4. Use design principles.
People often describe processes that lead to mismatches as too complicated — rules and regulations that add unnecessary steps to their job and interrupt a sense of flow to their work. When redesigning jobs, simplify them wherever possible. If new tasks are being added, then other tasks need to be subtracted. Good design also balances intensity with restful periods. It alternates social involvement with deep work alone, and alternates stretches of intense concentration with periods of quiet reflection.
For jobs where remote work is possible, strict office-only and hybrid-work policies can lead to many types of mismatches. People chafe at inflexible policies that insist that everyone must come to the workplace all the time when some tasks can be done just as well at home. Developing a process with a practical rhythm of “together time” balanced against “solitary time” (perhaps remote) can have a positive effect on community, workload, fairness, and control matches.
5. Build in progress checkpoints.
Whatever innovations are developed will need continual assessment, adjustment, and refinement. Real progress always involves practice and course-correction. An organizational checkup that assesses the central elements of job-person matches keeps efforts on track. Ongoing monitoring of the workplace through a process of change and continuous improvement can shift the concept of a “job-person match” from an abstract ideal to a practical dimension of workplace management.

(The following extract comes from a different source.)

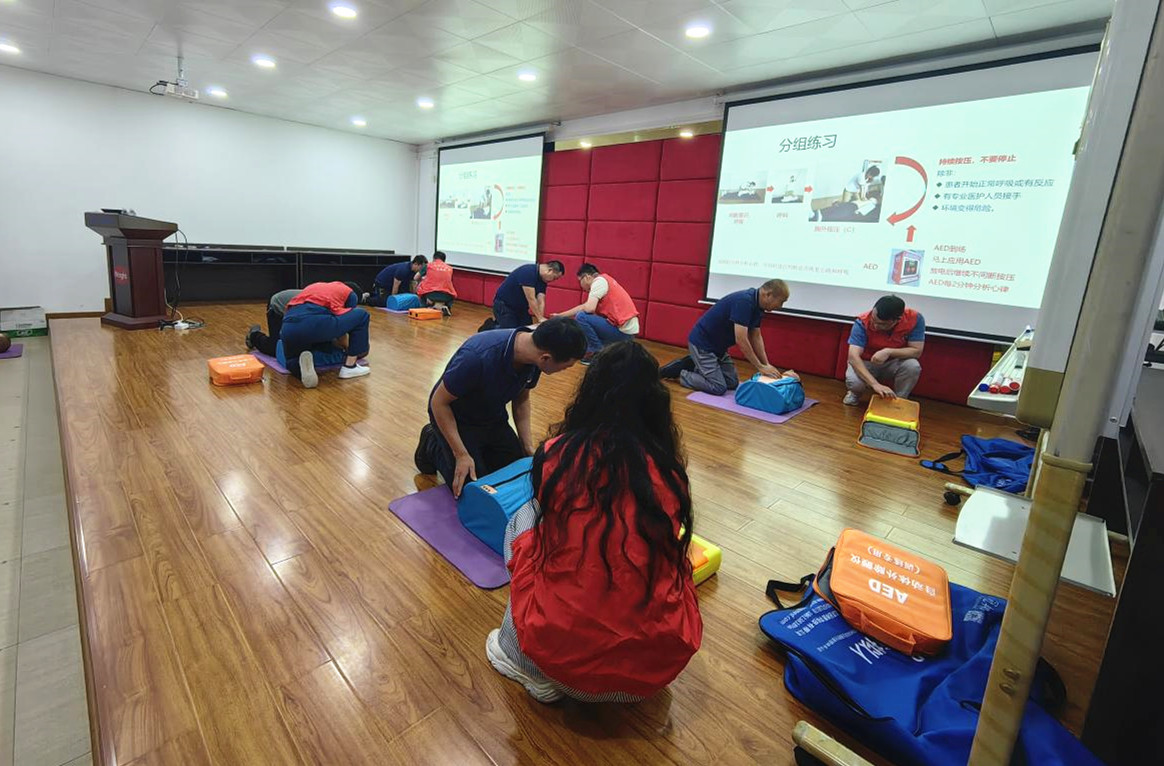 大良街道某企业应急救护培训现场,学员分组实操练习。
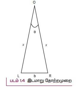 படம் 1.4 இல் காட்டியுள்ளவாறு, O என்ற புள்ளியிலுள்ள ஏதேனும் ஒரு பொருளைக் கருதுக. அப்பொருளை உற்று நோக்குபவரின் இடது மற்றும் வலது கண்களின் நிலையை முறையே L மற்றும் R என்க. O புள்ளியிலுள்ள பொருளை தனது வலது கண்ணை மூடிய நிலையில் இடது கண்ணால் மட்டும் பார்க்கும் நிலையில் அவரின் இடது கண்ணையும், பொருளையும் இணைத்தும் நேர்க்கோடு LO என்க. இதேபோன்று இடது கண்ணை மூடிக்கொண்டு வலது கண்ணால் பொருளை பார்க்கும் போது, வலது கண்ணையும் பொருளையும் இணைக்கும் நேர்க்கோடு RO என்க. இவ்விரண்டு நேர்க்கோடுகளும் O புள்ளியோடு ஏற்படுத்தும் கோணம் θ விற்கு, இடமாறு தோற்றக்கோணம் என்று பெயர்.

We have found that first-line managers are often an important pivot point for addressing mismatches, because they are in the best position to work with their employees and teams to identify problem areas and design better solutions. With sufficient latitude from upper management, they can help people adjust and customize their work environment to enable productive matches.
. . .
Rather than discovering a silver bullet to eliminate burnout, executives need a new way of thinking about leadership at work. Managing in the third decade of the twenty-first century calls for greater responsiveness to the mismatches that employees experience at work, closer attention to their psychological motivations, and greater flexibility in job design and work conditions. They must broaden their capacity for leading collaborative problem solving with employees and managers. Burned out employees signal the need to fix mismatches throughout the organization, which will have positive implications for all employees, not just a few. A recent Gallup poll found that 80% of workers worldwide are “not engaged” with their job. Although those 80% are certainly not all burned out, they likely experience some elements of exhaustion, cynicism, or inefficacy at work. Improving job-person matches does not simply avoid the most negative outcomes — rather it increases a workplace’s potential to bring out the best in the workers of the future.